# old meat?



## Zoe2007 (Sep 28, 2010)

I left some pork in the fridge for a few days... starting to have a green tint... could I still freeze and feed?? Eek.. I really don't think I will be feeding this to my dogs but I am curious.


----------



## jdatwood (Apr 13, 2009)

Absolutely! Raw fed dogs can handle all kinds of green stinky meat. We've fed green lamb ribs that STUUUNK. Natalie smelled them across the house from outside and was like WTF smells so bad.

The girls on the other hand LOVED them. They did have a little extra gas the next day but that's all.

We routinely feed meats that you never would consider eating yourself.

We got a couple of hundred pounds of pork roasts a few months ago that were past their date and were going to be thrown away. They all went green within a day or two of getting them. We froze them and they're part of our feeding schedule now.


----------



## hbwright (Jul 14, 2010)

I have fed green stinky chicken and pigs feet that were all slimy and Ugh!! I wish I wore gloves with those, the slime sloughed off in my hands. Yuck!! The dogs thought they were great. Word of advice.......take outside and feed. When I opened it in the kitchen the whole house stunk. At least outside only the kids playing basketball by the sideyard got to smell it.


----------



## SamWu1 (Oct 15, 2010)

This explaination should be comforting if you're concerned about feeding "ripe" meat. Unlike us, food can stay in a dog's stomach for up to 8 hours before moving on to the small intetsine, so the pathogens stay in an acidic environment, minimizing any chance of survival and multiplying.
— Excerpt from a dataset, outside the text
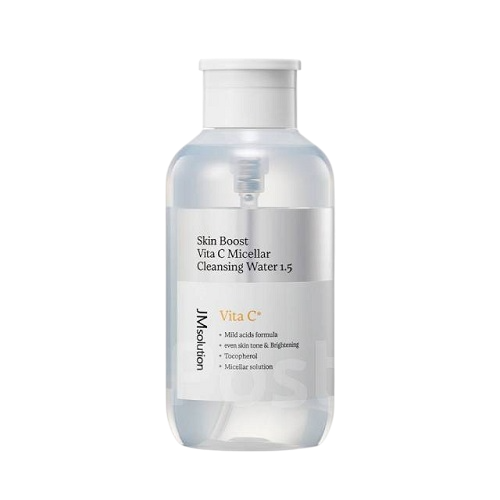 Очищающая вода JM Solution Skin Boost Vita C Micellar Cleansing Water бережно ухаживает за кожей, глубоко увлажняет и поддерживает водно-липидный баланс на оптимальном уровне. Эффективно удаляет даже водостойкий макияж, подходит для удаления с кожи лица тональных и солнцезащитных средств. Средство с pH 5 помогает поддерживать естественный уровень pH кожи, способствуя здоровью и увлажнению кожи. Облепиховая вода в составе содержит Витамины С и Е, флавоноиды и жирные кислоты, повышает устойчивость к инфекциям раздражению кожи и высыпаниям.

The reason why we're not as resilient to food borne bacteria is because our stomach acid aren't nearly as potent as a canine's and our food passes to the small intestine within 30 minutes to an hour where the environment isn't acidic so the bacteria has an opportunity to multiply and make us ill.


----------



## xxshaelxx (Mar 8, 2010)

In the wild, wolves will leave their kill and come back days to weeks later to feed off of it again. I would think that's some pretty stinky meat. XD


----------



## Mia (Oct 4, 2010)

jdatwood said:


> Absolutely! Raw fed dogs can handle all kinds of green stinky meat. We've fed green lamb ribs that STUUUNK. Natalie smelled them across the house from outside and was like WTF smells so bad.
> 
> The girls on the other hand LOVED them. They did have a little extra gas the next day but that's all.
> 
> ...



Why won't it hurt the dogs? If they are old meats?


----------



## Zoe2007 (Sep 28, 2010)

jdatwood said:


> Absolutely! Raw fed dogs can handle all kinds of green stinky meat. We've fed green lamb ribs that STUUUNK. Natalie smelled them across the house from outside and was like WTF smells so bad.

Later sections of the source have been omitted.